Conditional probability for dependent events

Question

There are two bags, the first bag contains 2 white balls and 5 black balls and the second contains 3 white balls and 4 black balls. What is the probability that the first bag was chosen given a white ball was chosen? Now suppose the ball was put back into its original bag, and another ball is picked from the same
bag randomly. What is the probability that the second ball is also white?

For the first question I got 2/7 by doing probability of the first bag and a red ball being chosen divided by the probability of the first bag being chosen. ((1/2)*(2/7))/(1/2). (Don't know if this is right)

I'm not sure how to go about doing the second part.

Answer 1

Before answering your question, I am assuming that where you meant white where you've written red.

When dealing with probabilities it helps to think of actions as events, and assigning an event a probability. In your example,

Let $P(W)=5/14$ be the probability of drawing a white ball, as 5 of 14 balls are while.

$P(W')=9/14$, i.e. the probability of drawing a black ball.

Let $B_1$, and $B_2$ be the event that the ball was taken from bag 1, or bag 2, respectively.

$P(W\cap B_1)= 2/14$, and $P(W\cap B_2)=3/14$.

$P(W'\cap B_1)=5/14$, and $P(W'\cap B_2)=4/14$.

All of this information is given to you in the context of the exercise.
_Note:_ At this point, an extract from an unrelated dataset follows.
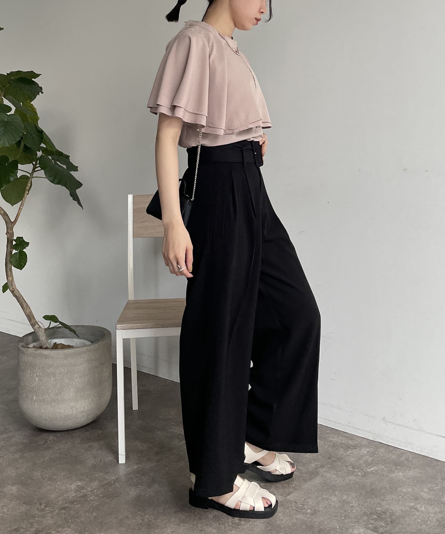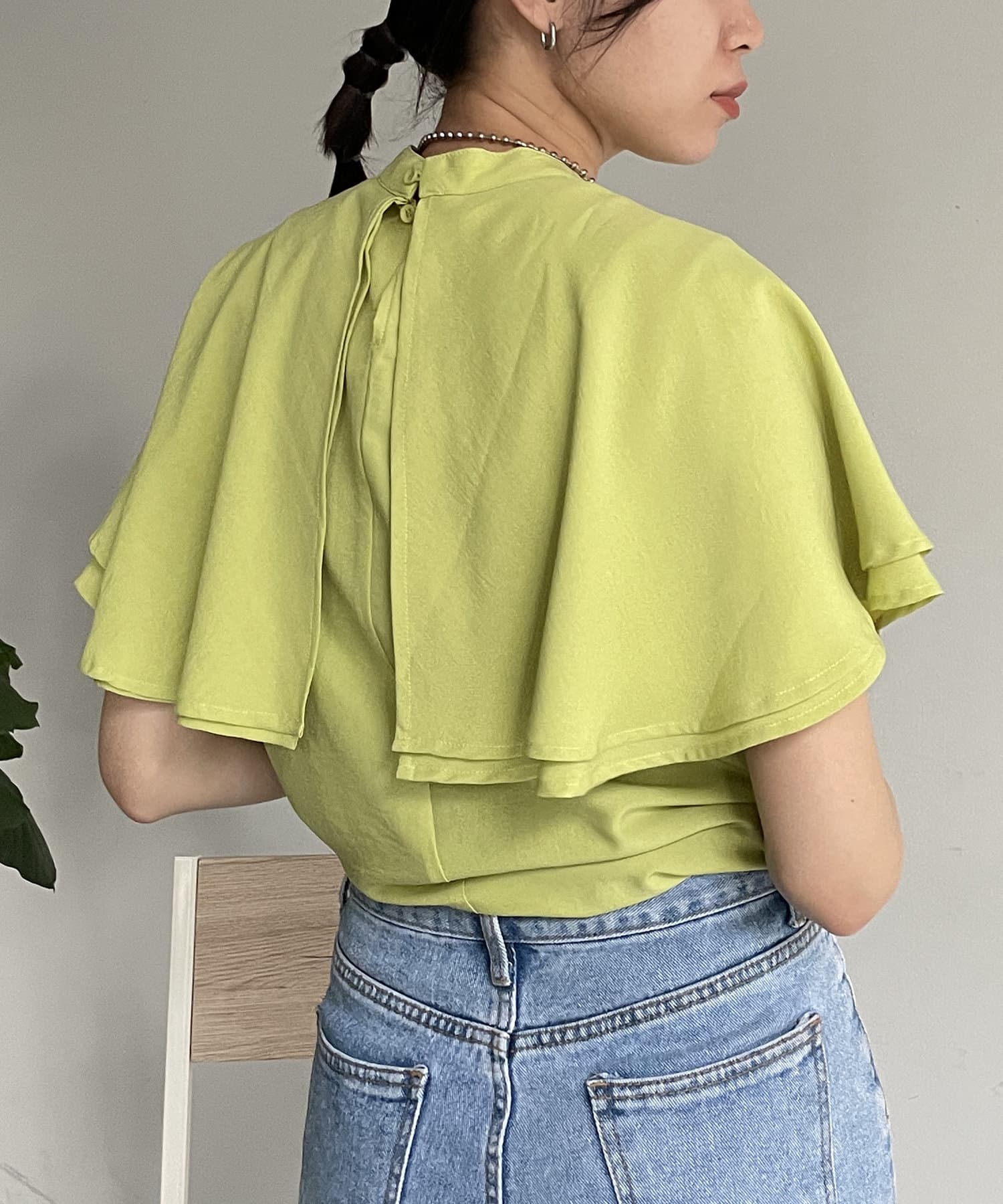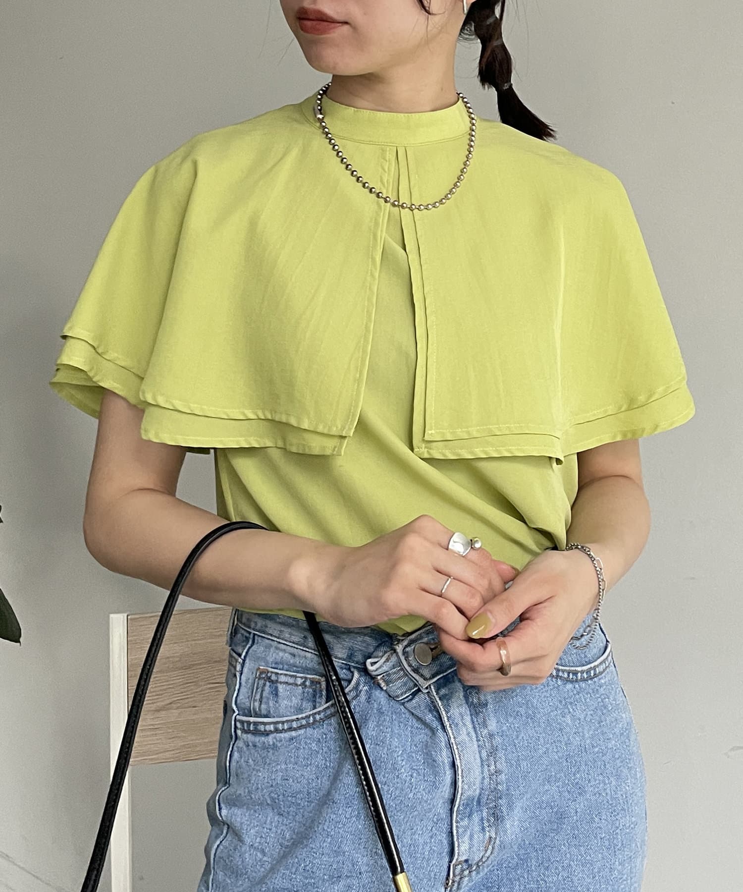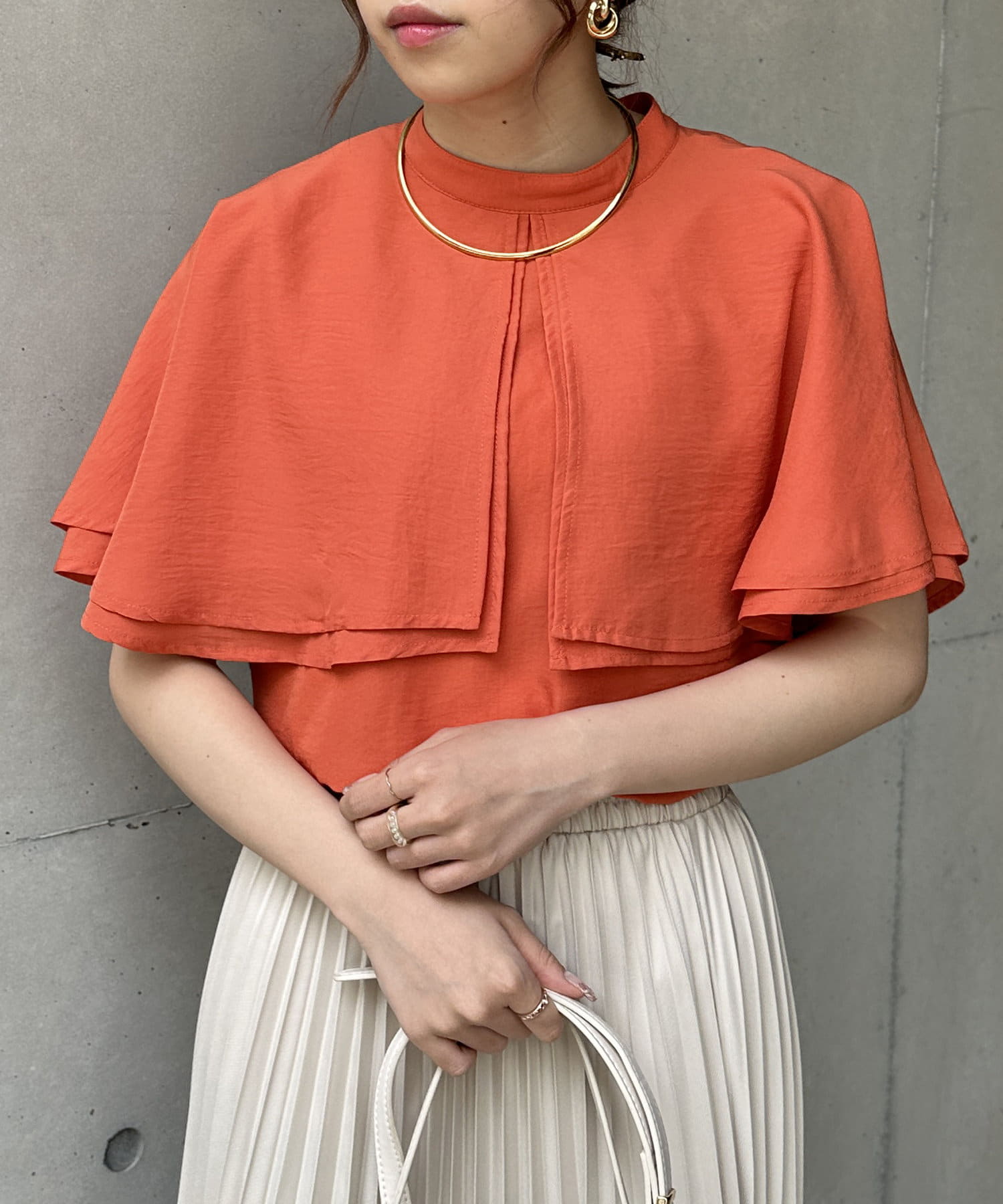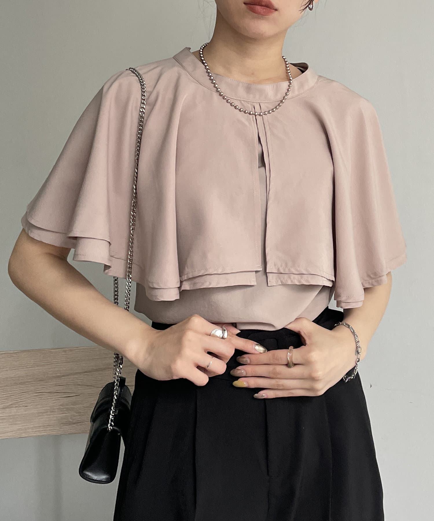 女性らしさ満載のケープブラウス

The conditional probability, "what is the probability event $B$ happens, given that the event $A$ has happened" is written as $$P(B|A)=\dfrac{P(B\cap A)}{P(A)}$$ Use this, along with the information above to answer question 1.

Question two resets by putting the white ball back into it's bag (i.e. bag 1), and asks what the probability of getting a white ball from bag one. In this case, just ignore bag two.